§ **Task to carry out**: The answer consists only of the lines from the beginning of the listing below to the line holding "Tubular straps crisscross", inclusive, with every picture removed.

§ **The data**:
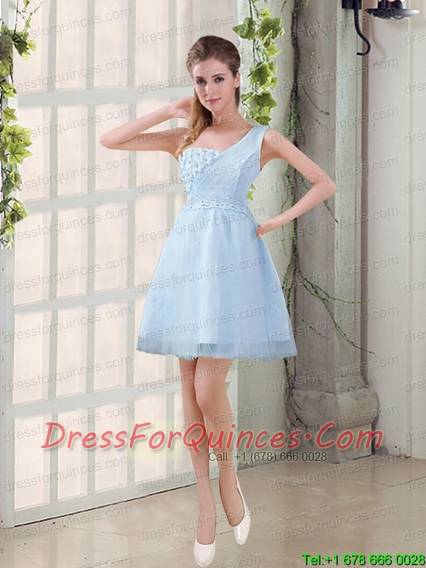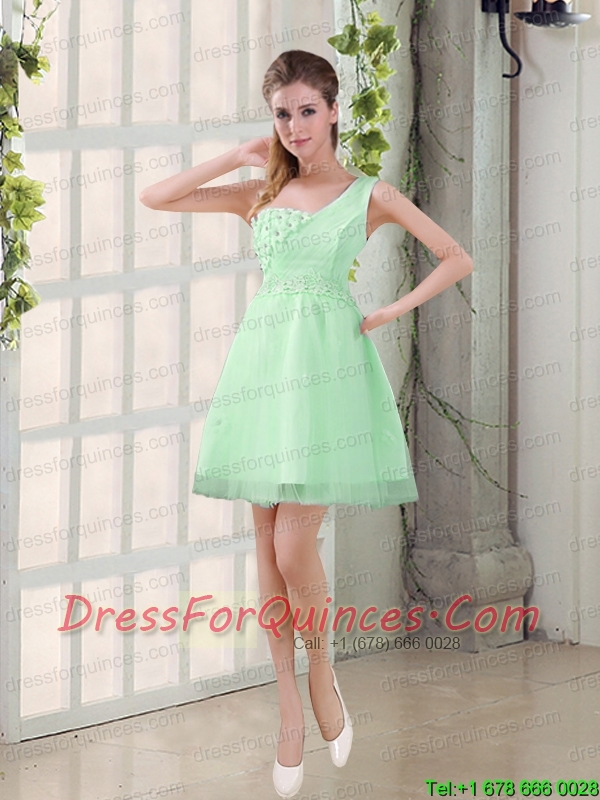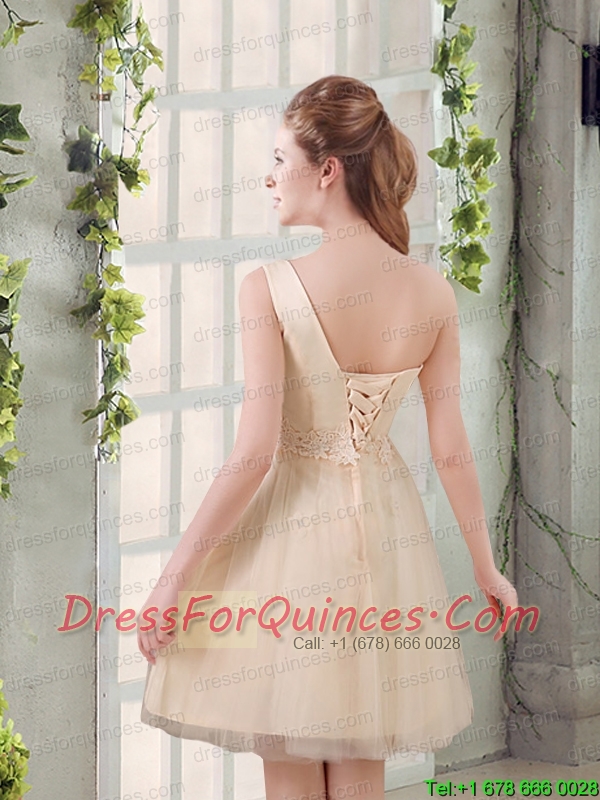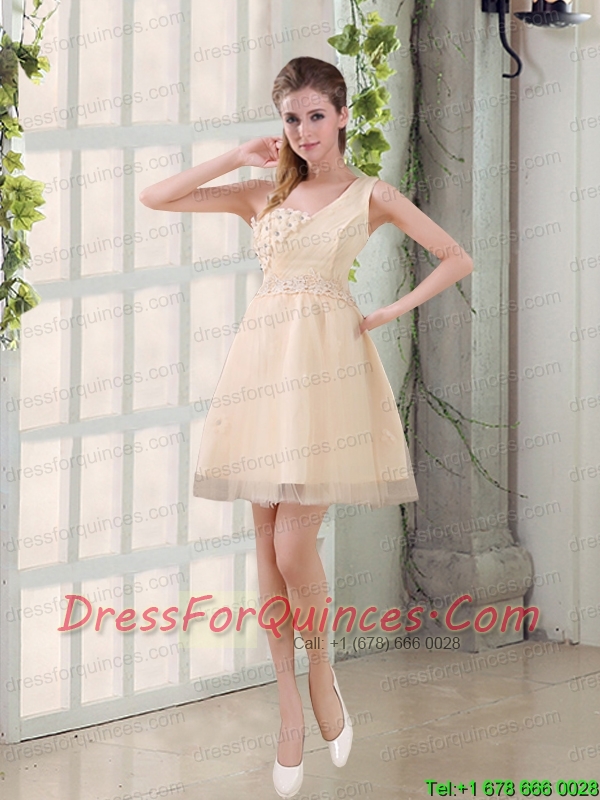 2015 Champagne One Shoulder A Line Appliques Prom Dress
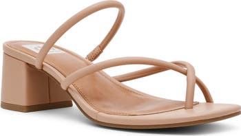 Tubular straps crisscross along the vamp of a modern slide sandal lifted by a wrapped block heel.
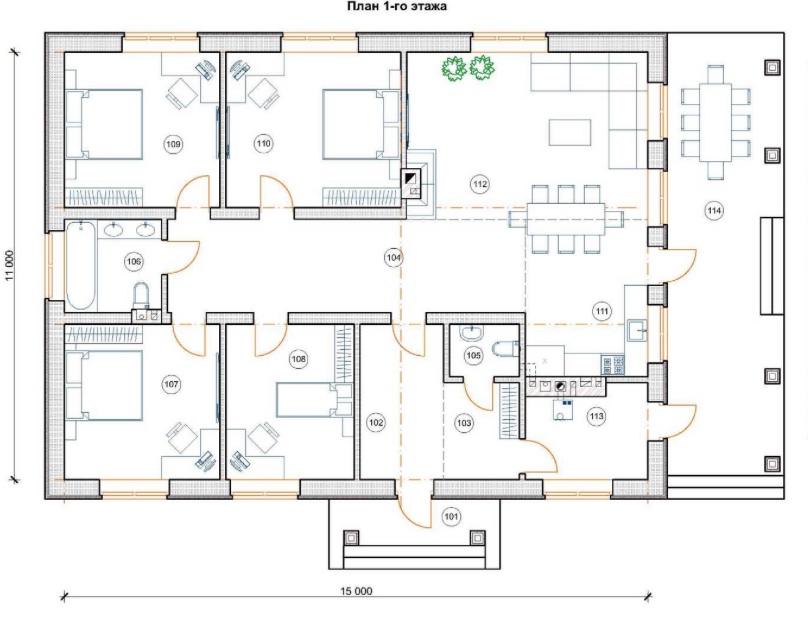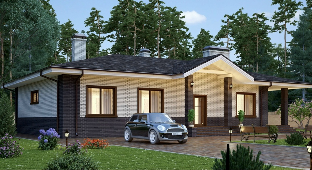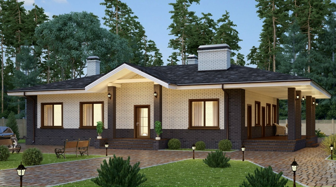 В вариантах указана стоимость строительства дома из разного материала. Цены указаны за строительство дома в ипотеку, при заказе строительства дома за наличный расчет предоставляется скидка 10%. Самый популярный проект дома. Этот загородный коттедж обладает элегантным дизайном, сочетающим в экстерьере контрастную отделку светлым и темным кирпичом и большие окна, что в целом придает строению очень уютный вид. Изюминкой проекта является большая крытая терраса, на которой хозяева могут обустроить летнюю столовую или место для комфортного послеобеденного отдыха. Жилая честь дома условно разделена на обеденную и спальную зоны. Первая, включает в себя просторный гостиный зал, соединенный с террасой и по-современному объединенный со столовой и кухней. Зал оборудован внутренним камином, который создает в помещении особую атмосферу домашнего очага, уюта и спокойствия. В спальной зоне, находящейся в левой половине коттеджа, архитекторы распланировали ванную комнату и четыре комфортабельные спальни, выходящие в общий холл, соединенный с прихожей. Благодаря удачной планировке, включающей, в том числе, и помещение автономной котельной, этот дом пригоден для всесезонной эксплуатации и круглогодичного проживания семьи из четырех – пяти человек.
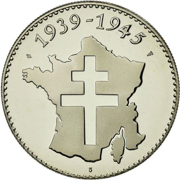 Опис: Карта Франції, прикрашена Лотаринзьким хрестом.
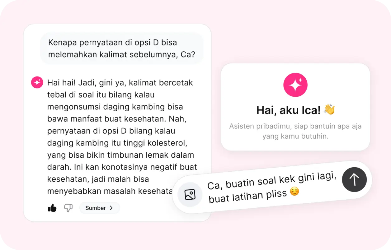 Ngobrol seputar topik Ujian Mandiri langsung dengan ICA AI. Tanyakan konsep, minta penjelasan soal sulit, atau cari info terbaru. Semua jawaban instan, kapan pun kamu perlu.
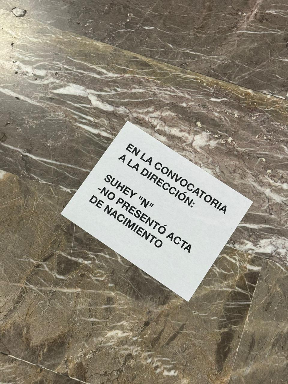 Fue este jueves, a la misma hora que sesionaba el Consejo Directivo Universitario que se comenzaron a pegar en diversas partes de la institución hojas de máquina con mensajes donde se justifica que no hayan entrado a la terna para ser consideradas.
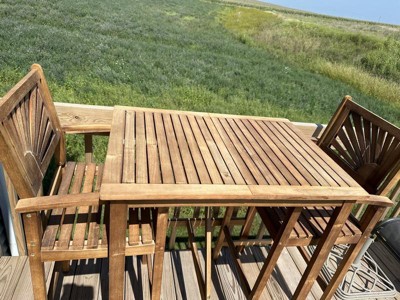 Just an overall terrible product. Let’s start with the chairs. They were missing hardware which was needed to screw on the back rests. So instead of sending us the required hardware we we’re required to send the whole product back (it took us 10 plus hours to assemble). We decided to keep it all and do without. 2 months in and the chair wood is cracking. I wouldn’t have anyone over 200lbs on this furniture. But hey, at least they look great, right? Next up the the table. It took the longest to assemble because the directions were unclear. Numerous times we had to disassemble because the wood/screws weren’t aligned. Spent a whole day working on this table because of the manufactures ineptitude. 2 months in the wood hasn’t cracked, however, it is rather creaky. Fine enough for some drinks and appetizers, but don’t try to eat a steak on it. Save yourself the time and money and buy another product. Target should be ashamed for attaching themselves to this piece of garbage.
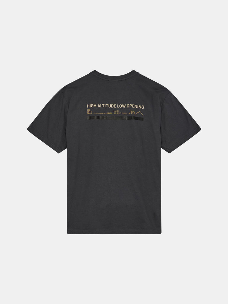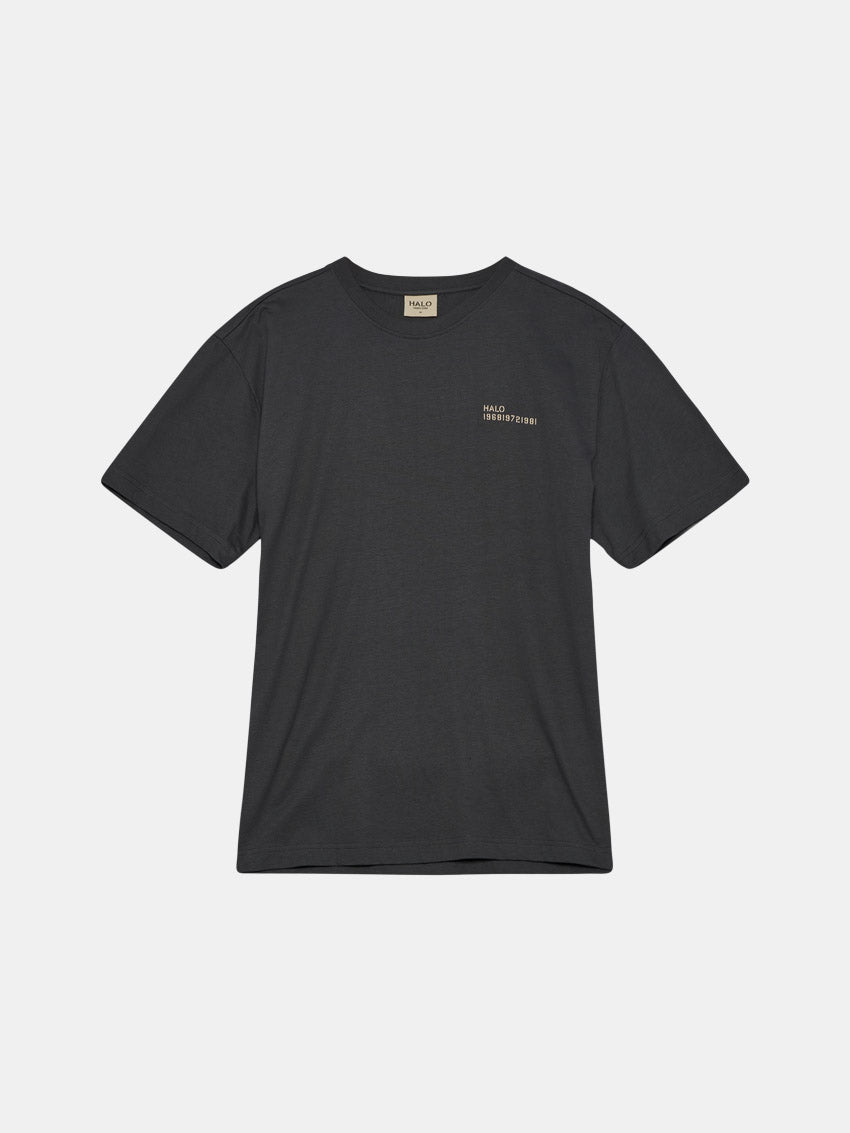 T-shirt i økologisk bomuld med logo på brystet og grafisk print på ryggen fra HALO.
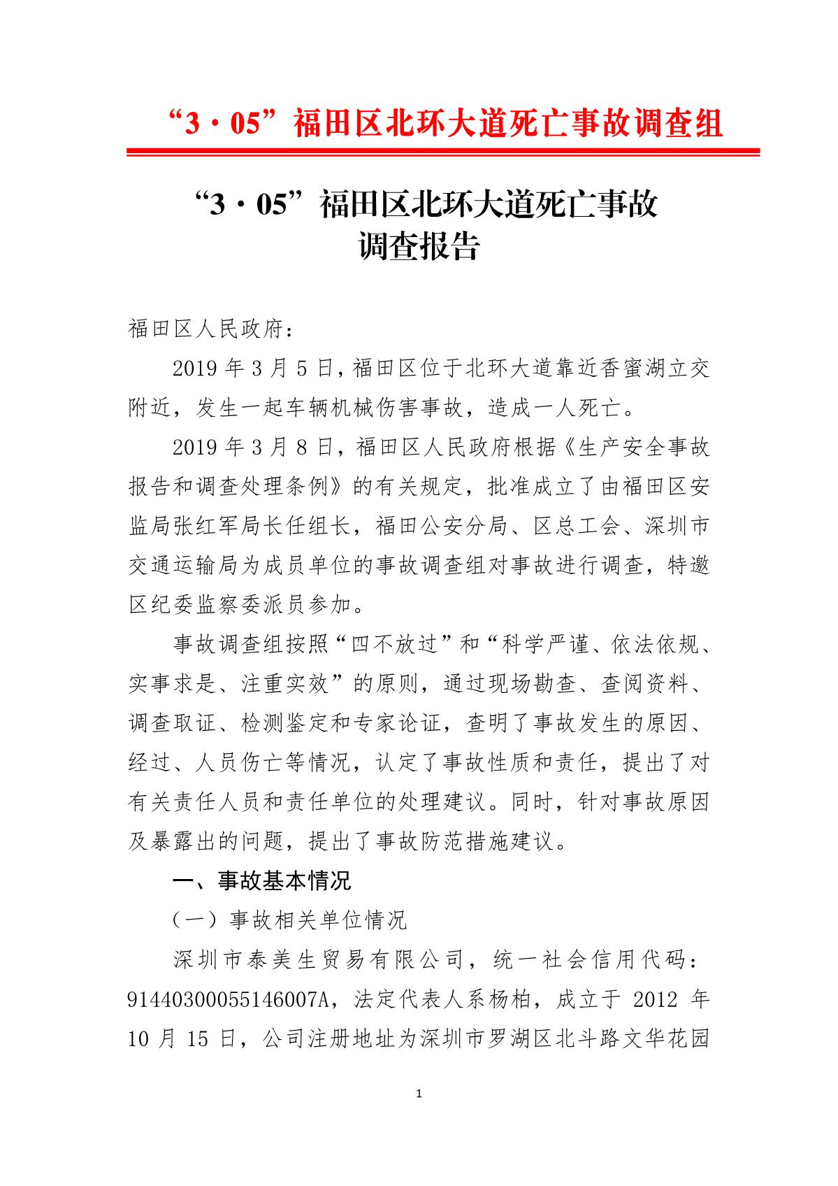 “3.05”福田區(qū)北環(huán)大道死亡事故調(diào)查報(bào)告
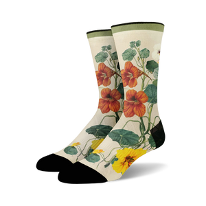 Get ready to cultivate a stunning garden on your feet with our Nasturtium socks! These crew socks bloom with vibrant orange, yellow, and red nasturtium flowers against a backdrop of lush green. Perfect for budding horticulturalists and fashionistas alike, these socks add a touch of nature-inspired flair to any ensemble.
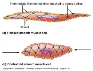 Smooth muscle filaments aren’t as organized as the ones in skeletal muscle. Therefore, the shortening can occur in all directions within the cell. It results in the shortening of the cell in more than 1 dimension.

§ **Response below**:
 2015 Champagne One Shoulder A Line Appliques Prom Dress
 Tubular straps crisscross along the vamp of a modern slide sandal lifted by a wrapped block heel.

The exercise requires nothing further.